Memaksimalkan Keuangan dan Nilai Tambah Perusahaan

Memaksimalkan Keuangan dan Nilai Tambah Perusahaan

Kas dan surat berharga yang dimiliki perusahaan lazim disebut sebagai alat liquid. Perusahaan, melakukan investasi dalam alat liquid karena terdapat ketidakpastian antara arus kas masuk dan keluar. Jika arus kas keluar lebih besar daripada kas masuk, dan perusahaan tidak mempunyai persediaan alat liquid, maka perusahaan akan mengalami kesulitan keuangan.

Perusahaan dapat mengatasi kesulitan keuangannya dengan melakukan penagihan utang piutang, atau menjual persediaan barang untuk mendapatkan kas masuk. Tetapi melakukan penagihan atau menjual barang tidak dapat diharapkan terjadi dalam waktu singkat dan dengan nilai yang penuh alternatif lain, perusahaan juga dapat mengatasi kesulitan keuangannya dengan meminjamkan uang, tetapi cara ini umumnya mahal karena beban bunganya yang cukup besar.

Perusahaan yang mempunyai investasi dalam kas yang cukup besar, mungkin akan terhindar dari kesulitan keuangan. Tetapi  investasi dalam kas yang berlebihan, menyebabkan nilai perusahaan berkurang karena opportunity revenue yang hilang. Investasi dalam khas, tidak akan menghasilkan pendapatan.
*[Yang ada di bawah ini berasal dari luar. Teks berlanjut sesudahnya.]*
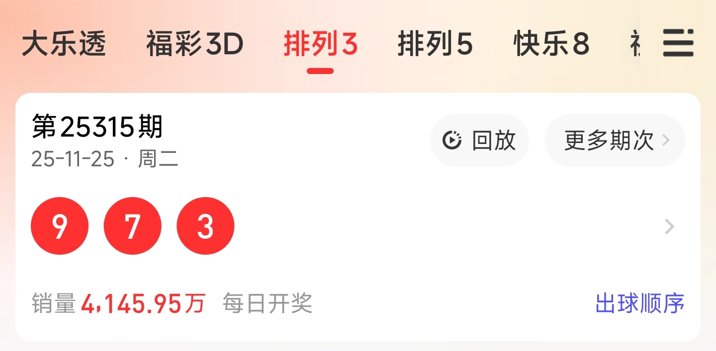 上期开出973,和尾为9,跨度为6,奇偶比为3:0,大小比为2:1,012路个数对比为2:1:0。

Trade off antara risiko dan hasil terjadi antara menyimpan khas yang terlampau kecil, menyebabkan meningkatnya kemungkinan perusahaan mengalami kesulitan keuangan. Tetapi disisi lain, perusahaan memiliki peluang, untuk meningkatkan pendapatan. Sebaliknya, jika perusahaan memiliki peluang untuk melakukkan investasi yang lebih besar pada investasi tetap yang dapat meningkatkan pendapatan.

Sebaliknya, jika perusahaan menyimpan kas yang terlampau besar, perusahaan akan kehilangan peluang untuk melakukan investasi yang menghasilkan pendapatan. Di sisi lainnya, perusahaan telah meminimumkan peluang terjadinya kesulitan keuangan.

Manajemen Arus Kas Masuk dan Keluar

Persoalan pokok, dalam manajemen arus kas adalah bagaimana perusahaan mempunyai cukup uang kas, agar dapat memenuhi kebutuhan pembayaran yang timbul. Untuk mencapai tujuan ini. Diperlukan setidaknya dua hal.

Pertama, Perusahaan harus dapat memprediksi secara tepat, jumlah saldo kas untuk satu peridode tertentu. Artinya, perlu ada catatan arus kas yang masuk atau keluar.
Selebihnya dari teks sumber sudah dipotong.